- Exercise objective:
Every line of the data below should be retyped exactly, with no images carried over.

- Given material:
- - -

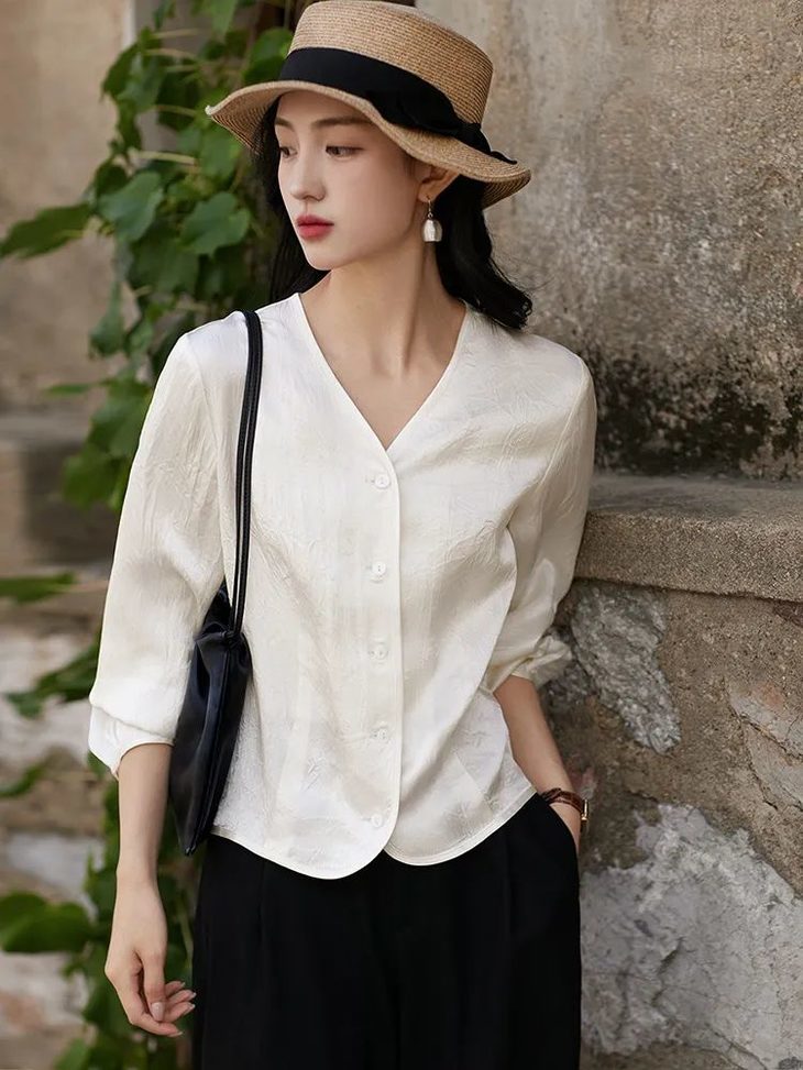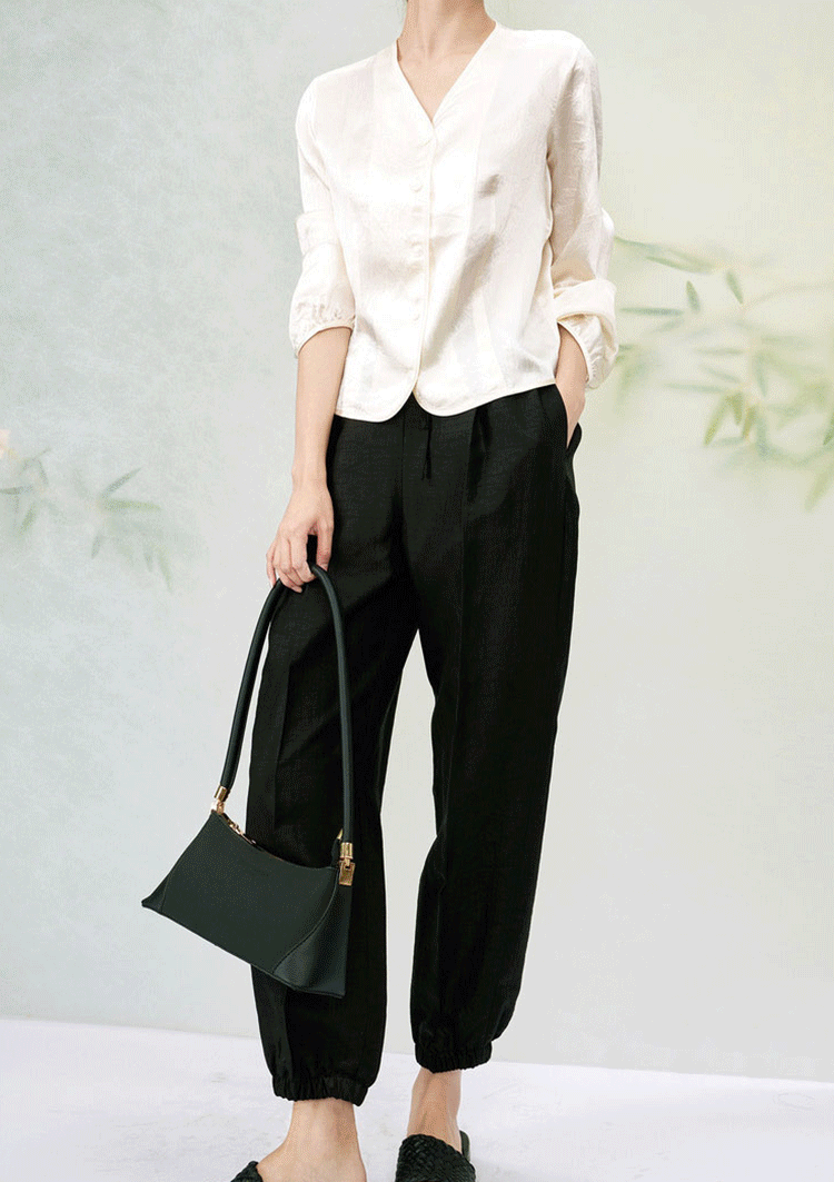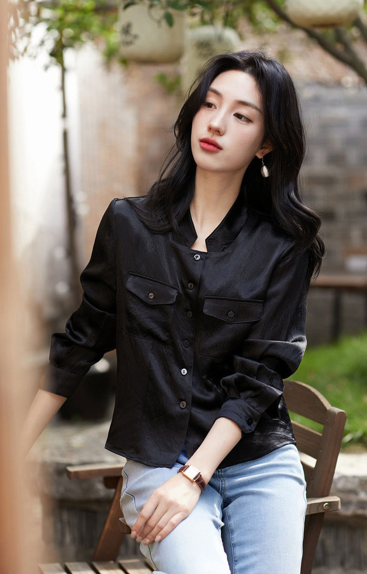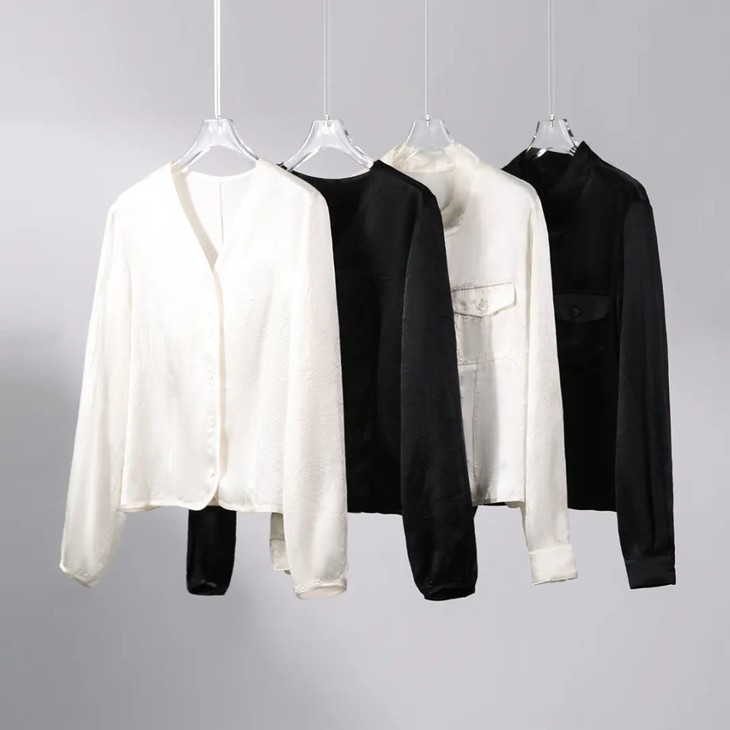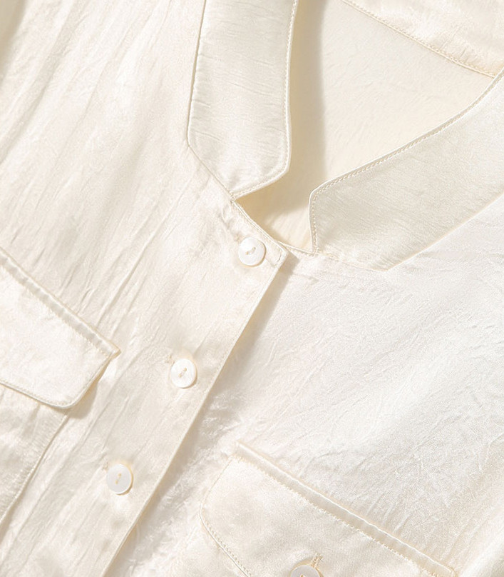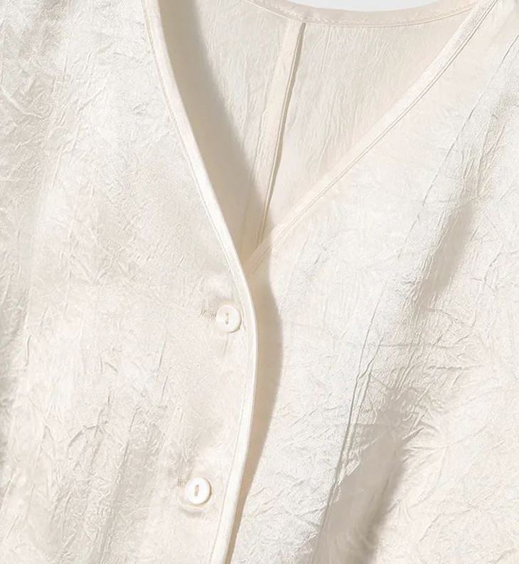 这件上衣,表面有特殊的褶皱肌理,更加上档次。质感光泽感都很媲美真丝,清爽透气。
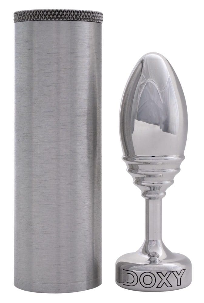 Elegancki korek analny Butt Plug Ribbed Doxy z litego aluminium. Stymulujące rowki, grawerowana podstawa zapewniająca bezpieczeństwo. Idealny do zabawy w różnych temperaturach. Waga 155 g, długość 10,5 cm.
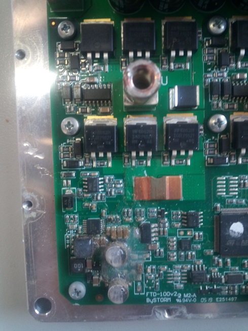 Hallo, Ferngesteuerte Mähraupe. Ein Motor zuckt - läuft aber nicht mehr. Signal von der Fernsteuerung kommt richtig an, geht dann per Datenbus zum Stm32Fxxx auf dem Motor-Controller und von da offenbar nicht weiter zu den 6 Halbbrücken. Die drei Gate-driver sind neben den Schrauben erkennbar. Fraglich ist, welche 6Pins des stm zu den Gate-drivern führen. Würde dann versuchen, ob ich den Motor über diese 6Pins bewegt bekomme. Es geht also um das, was zwischen Gate-drivern und stm ist. Ich weiß - nicht ganz einfach. Danke für wohlmeinende Unterstützung.
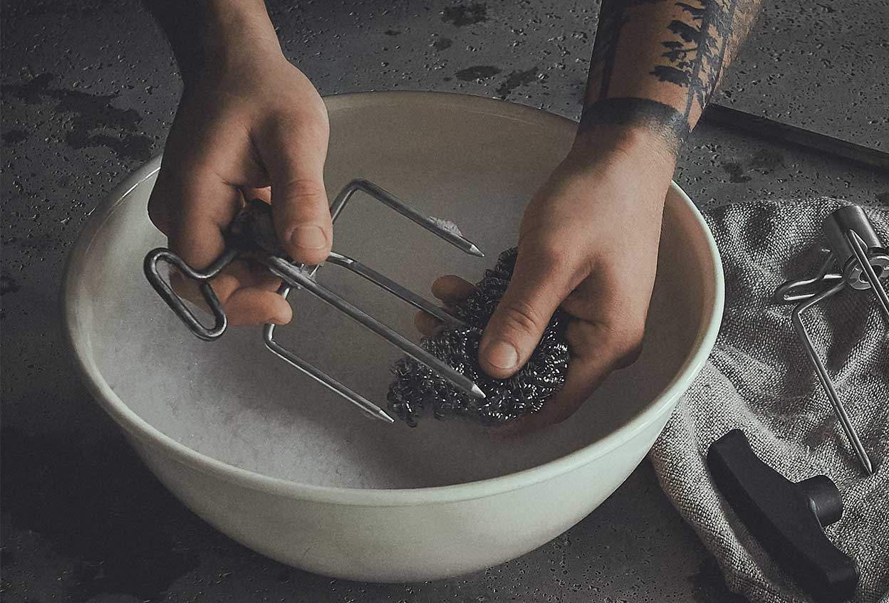 סיימת? רק התחלנו! אחרי השווארמה מגיע הצלי! בינתיים, אין מה להיות מוטרד מהניקיון. השיפוד ומזלגות הבשר עשויים מפלדת אל חלד ולכן קלים במיוחד לניקוי. הפרד בקלילות את חלקי השיפוד ונקה אותם במים חמימים, סבון כלים וספוג רך. אפילו יותר קל: פשוט הכנס הכל למדיח הכלים. מוכן לסיבוב הבא?

- - -

- Answer section:
 这件上衣,表面有特殊的褶皱肌理,更加上档次。质感光泽感都很媲美真丝,清爽透气。
 Elegancki korek analny Butt Plug Ribbed Doxy z litego aluminium. Stymulujące rowki, grawerowana podstawa zapewniająca bezpieczeństwo. Idealny do zabawy w różnych temperaturach. Waga 155 g, długość 10,5 cm.
 Hallo, Ferngesteuerte Mähraupe. Ein Motor zuckt - läuft aber nicht mehr. Signal von der Fernsteuerung kommt richtig an, geht dann per Datenbus zum Stm32Fxxx auf dem Motor-Controller und von da offenbar nicht weiter zu den 6 Halbbrücken. Die drei Gate-driver sind neben den Schrauben erkennbar. Fraglich ist, welche 6Pins des stm zu den Gate-drivern führen. Würde dann versuchen, ob ich den Motor über diese 6Pins bewegt bekomme. Es geht also um das, was zwischen Gate-drivern und stm ist. Ich weiß - nicht ganz einfach. Danke für wohlmeinende Unterstützung.
 סיימת? רק התחלנו! אחרי השווארמה מגיע הצלי! בינתיים, אין מה להיות מוטרד מהניקיון. השיפוד ומזלגות הבשר עשויים מפלדת אל חלד ולכן קלים במיוחד לניקוי. הפרד בקלילות את חלקי השיפוד ונקה אותם במים חמימים, סבון כלים וספוג רך. אפילו יותר קל: פשוט הכנס הכל למדיח הכלים. מוכן לסיבוב הבא?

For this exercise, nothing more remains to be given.